At this year’s festival over 400 guests from here and overseas will take part in over 300 events across the city. With such a huge program, it’s no wonder that the amount of people expected to take part is around 50,000 – and the way to pull such numbers all ties in with Grimwade’s long-held belief in diversity.

“Not every festival approaches it this way, but [at my core I’m] interested in the numerous ways that writers touch our lives,” he says. “[Festivals] can never be limited to just poetry for instance, it’s got to include film, TV, speech writers and policy writers… performers and songwriters and comedians.” If you ignore any aspect that could possibly fall under the umbrella of writing then you may ignore “many of the things that people love”. Not to mention that MWF stands to celebrate all sorts of writers, as Grimwade extrapolates, “I don’t want comedians feeling like they’re less… respected [because] they write in a certain style or genre.”

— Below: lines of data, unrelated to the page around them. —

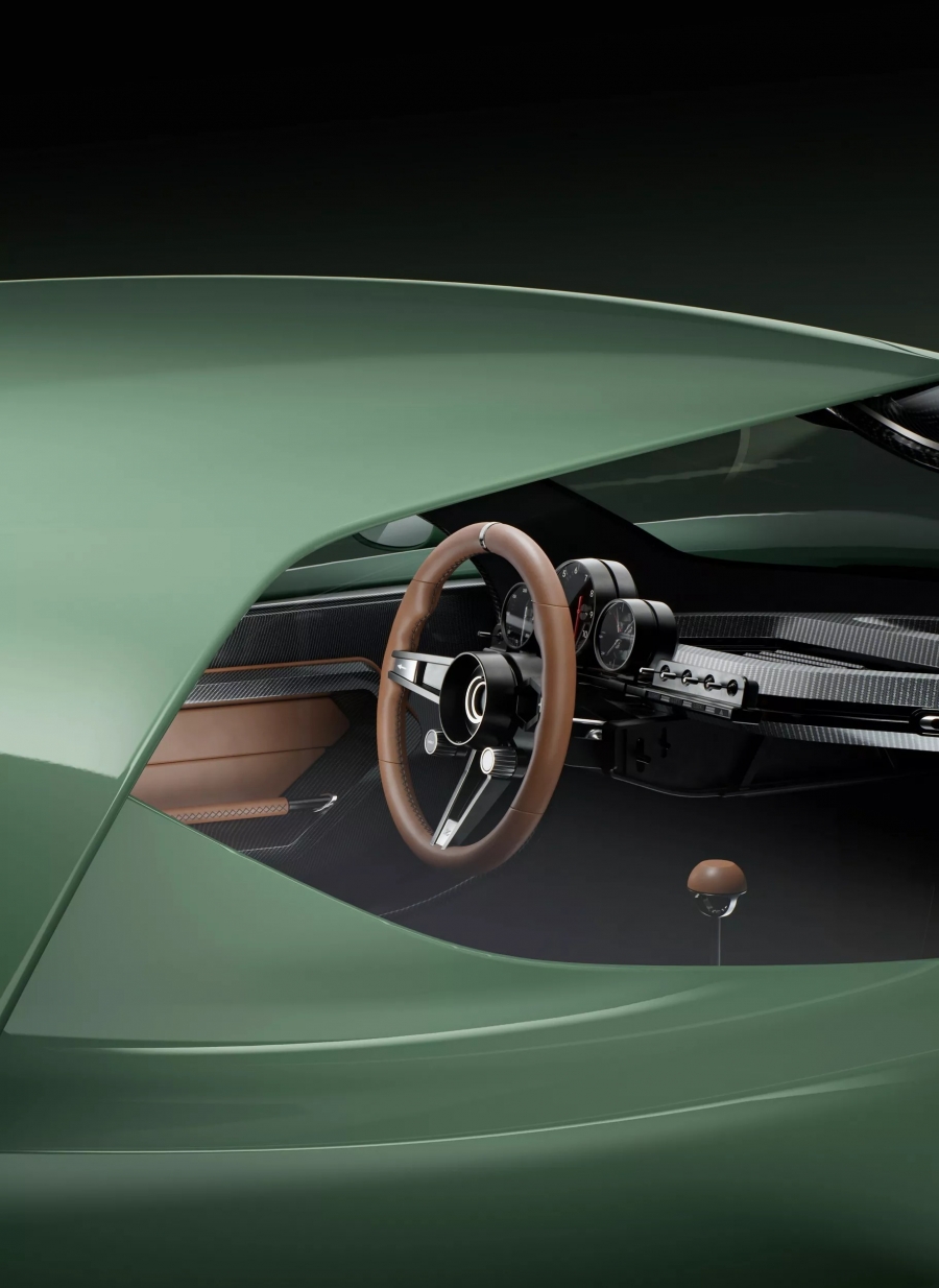 Результат — более 900 л.с. (662 кВт) и 1000 Нм крутящего момента. При массе менее 1200 кг (примерно как Mazda MX-5 RF с жёсткой крышей) это обещает взрывную динамику: разгон до 100 км/ч — менее трёх секунд, максимальная скорость — 360 км/ч.
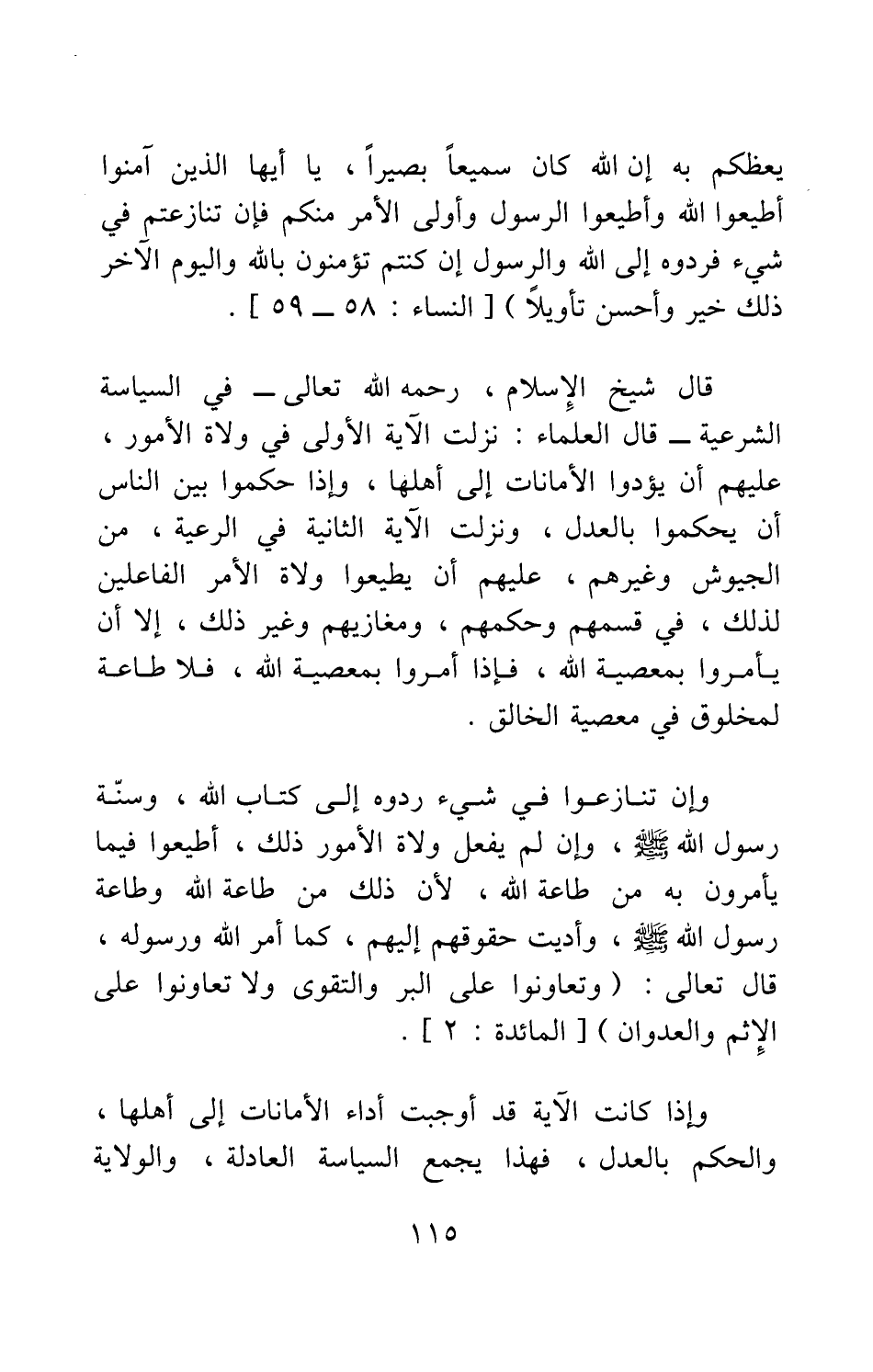 قال شيخ الإسلام، رحمه الله تعالى في "السياسة الشرعية": قال العلماء: نزلت الآية الأولى في ولاة الأمور، عليهم أن يؤدوا الأمانات إلى أهلها، وإذا حكموا بين الناس أن يحكموا بالعدل, ونزلت الآية الثانية في الرعية، من الجيوش وغيرهم، عليهم أن يطيعوا ولاة الامر الفاعلين لذلك، في قسمهم وحكمهم، ومغازيهم وغير ذلك، إلا أن يأمروا بمعصية الله، فإذا أمروا بمعصية الله، فلا طاعة لمخلوق في معصية الخالق.
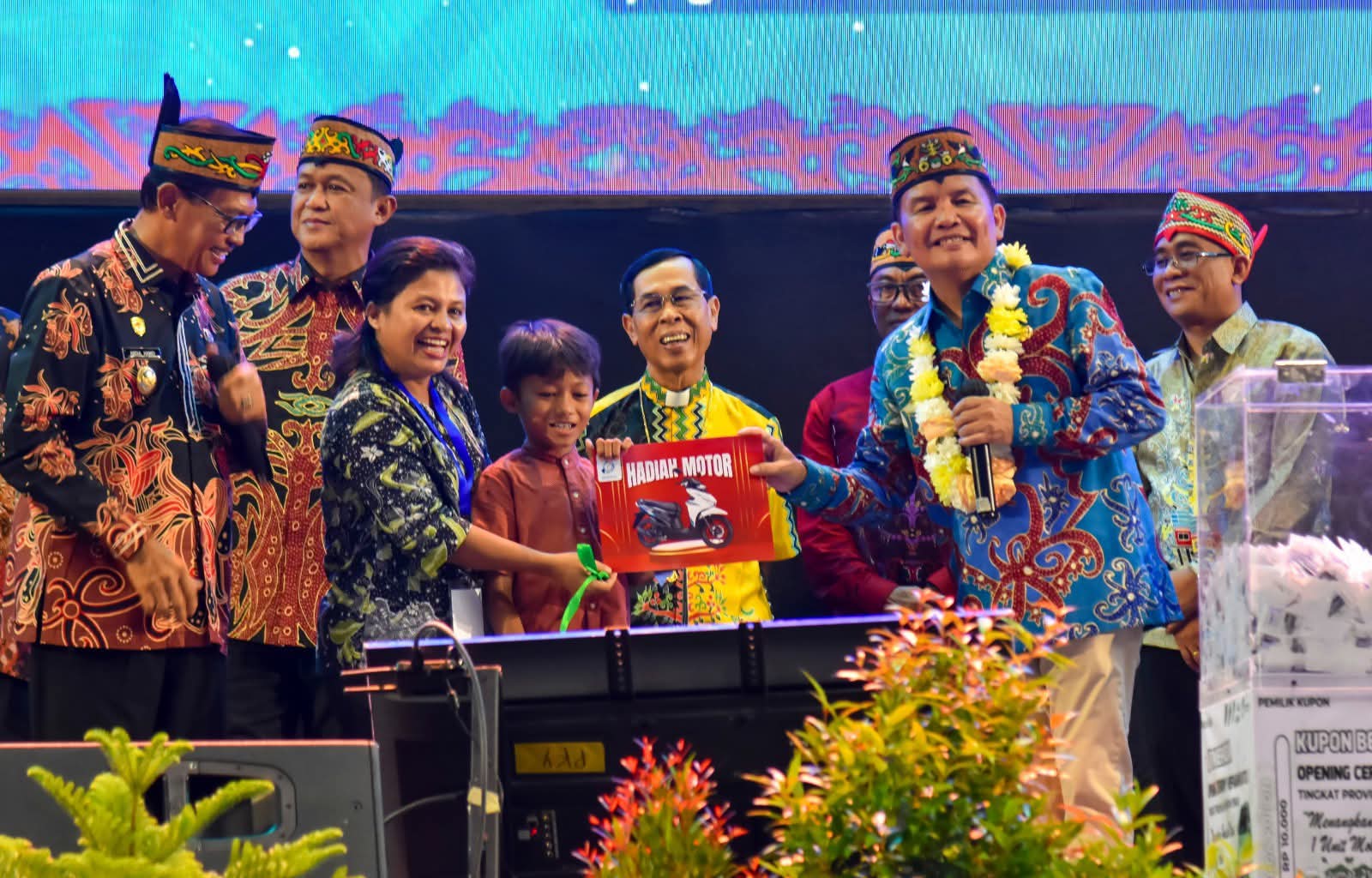 Gubernur Kalteng H. Agustiar Sabran saat menyerahkan hadiah unit motor di pembukaan acara Pesparani Katolik. (Foto: BiroAdpim)
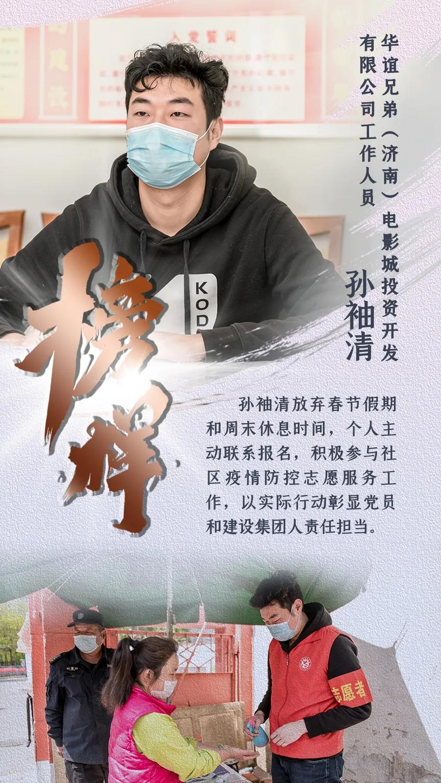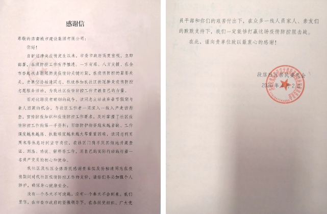 近日,一封来自槐荫区段店社区居民委员会的感谢信发至ok138cn太阳集团古天乐,感谢信的“主角”是集团所属华谊兄弟(济南)电影城投资开发有限公司的孙袖清同志。新型冠状病毒肺炎疫情发生以来,孙袖清放弃春节假期和周末休息时间,个人主动联系报名,积极参与社区疫情防控志愿服务工作,以实际行动彰显党员和建设集团人责任担当,用无私奉献展现一名“80后”的青春力量,与社区工作人员共同筑牢社区疫情防控安全线。
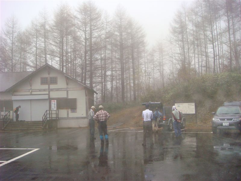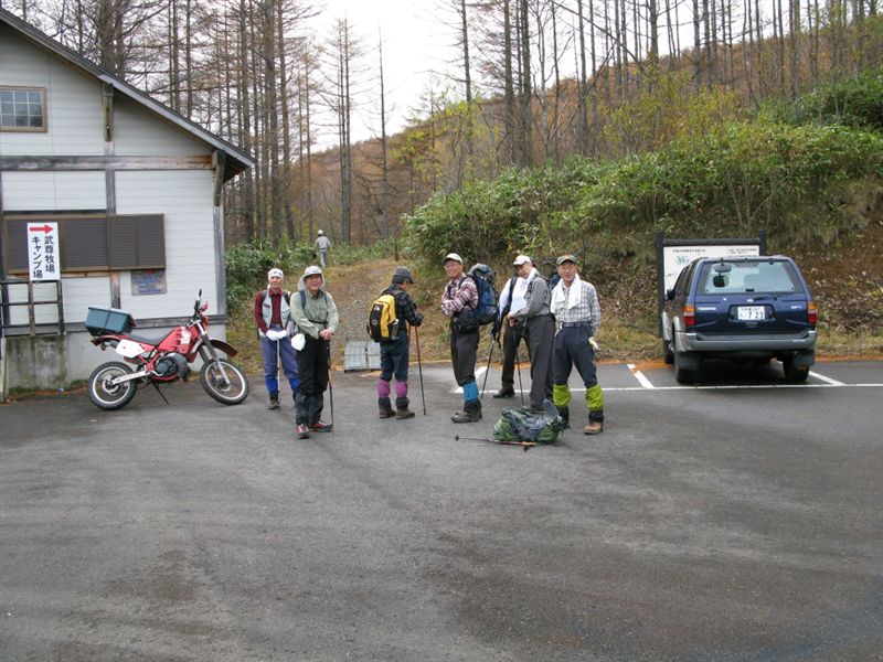 宿のペンションから東俣駐車場に到着した。武尊牧場のスキー場からの東俣駐車場へは通行止めのはずだがあやしいバイクの先導でないしょの山道を抜け無事登山口に。身支度を整えて上州武尊山山頂往復へ9:00出発です。
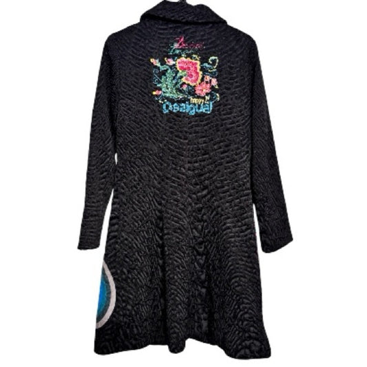 Desigual Black Trench Coat with Colorful Patterns
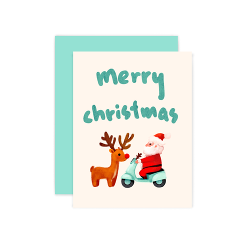 Vespa Santa and Reindeer Holiday Card
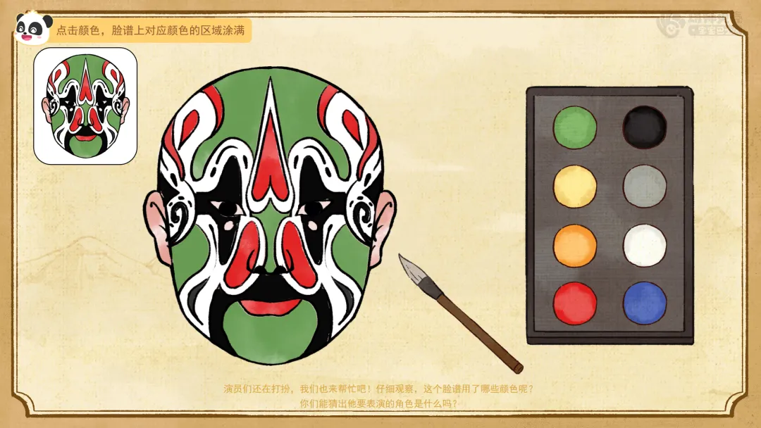 ——演员们还在打扮,我们也来帮忙吧!仔细观察,这个脸谱用了哪些颜色呢?
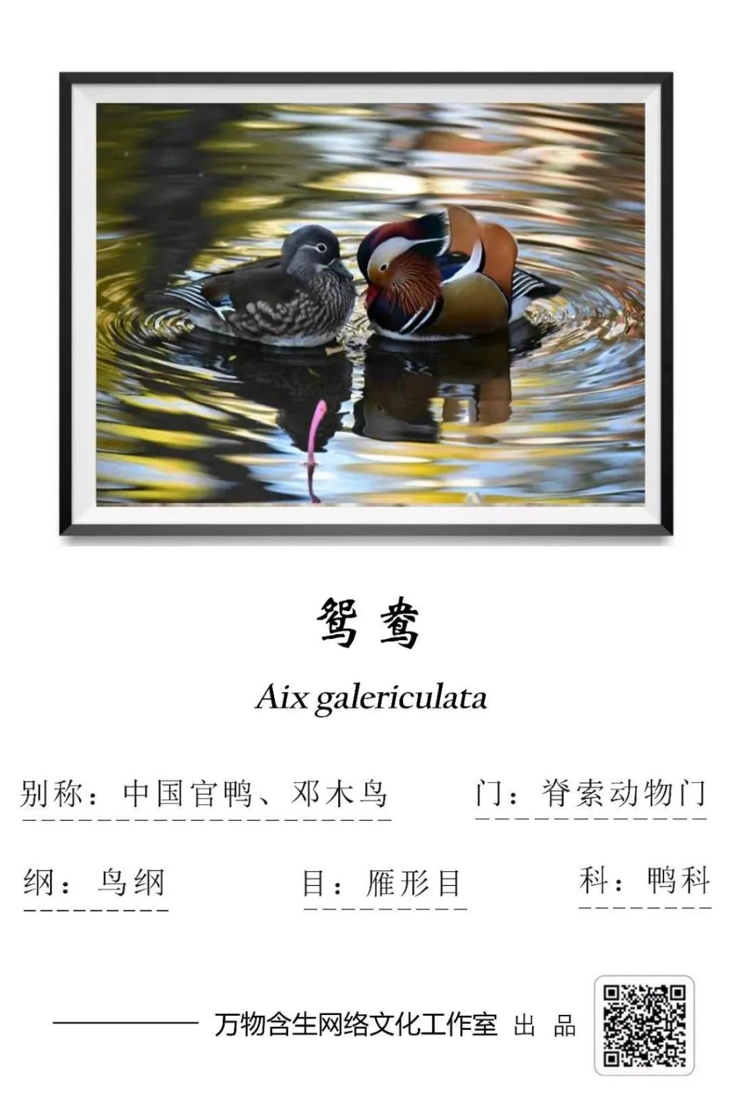 鸳鸯(Aix galericulata):属雁形目鸭科鸳鸯属,又被称为中国官鸭、邓木鸟等等。被列入《世界自然保护联盟濒危物种红色名录》(IUCN)——无危(LC)和中国《国家重点保护野生动物名录》二级。
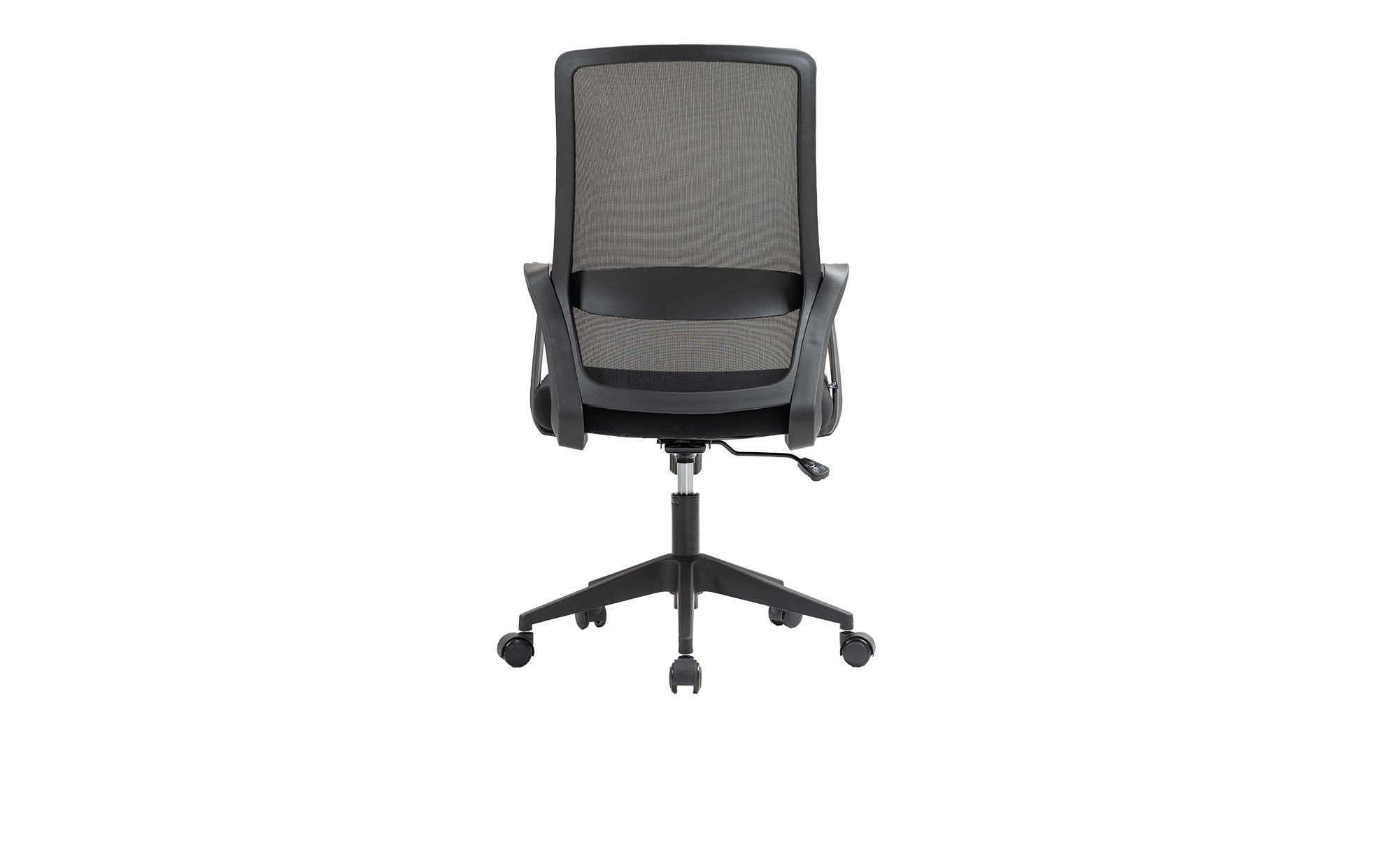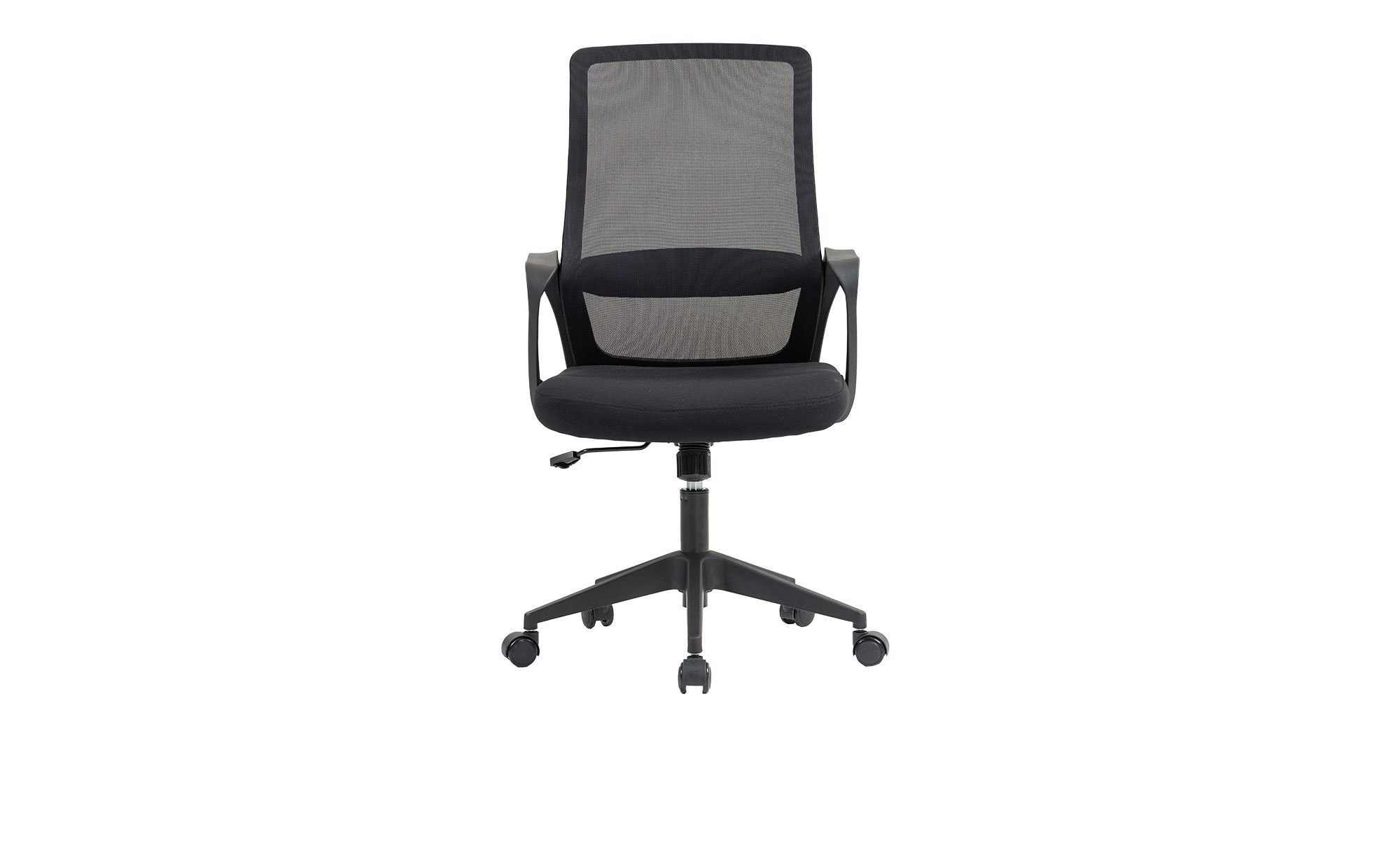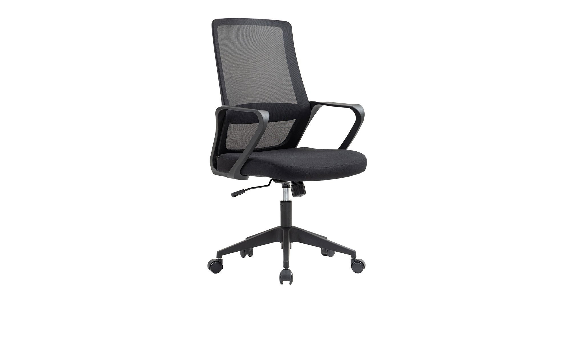 Der Artikel misst ca. 57 x 102 x 56 cm und ist mit einem schwarzen Stoffbezug sowie einem atmungsaktiven Meshgewebe bezogen. Auch das in ein Fußkreuz mündende Gestell ist schwarz. Neben einer angenehmen Schaumstoffpolsterung im Sitz erwartet Sie außerdem ein ergonomisch geformter Rücken. Darüber hinaus können Sie das drehbare Möbelstück stufenlos höhenverstellen und somit individuell anpassen.

Some people don’t always agree with Grimwade that there should be a departure from traditional festival stalwarts like lectures and launches, yet when people question what he’s decided to include in the festival he’s almost satisfied. “You kind of want that response,” he comments. “I think it’s another way of celebrating storytelling and celebrating stories… it goes back to that idea… of wanting to tell a great diversity of forms and styles’ of writing.“
“Something that I love.. [is that] there’s so many events to go to where you can sit down and hear people reading stories. We have this series of free readings every morning… and we have people who come every day, [with] a cup of coffee, and sit down and be read to,” he says.

At its heart, the Melbourne Writers Festival aims to celebrate storytelling. Whether through non-fiction or performance, poetry or illustration, what Grimwade hopes is that “the festival opens the door to people”, exposes them to new things and generates discussion among the community. And the way in which he hopes to achieve that is through the variety of events, and the respect paid to each form of narrative.

Grimwade makes no apologies for inviting guests from all walks of the writing life, saying that a small percentage of people, “Who have only got a love for high art… think that because we have genre writers at the festival or performers that the festival is lower. I’d want to take them on in an argument any day.”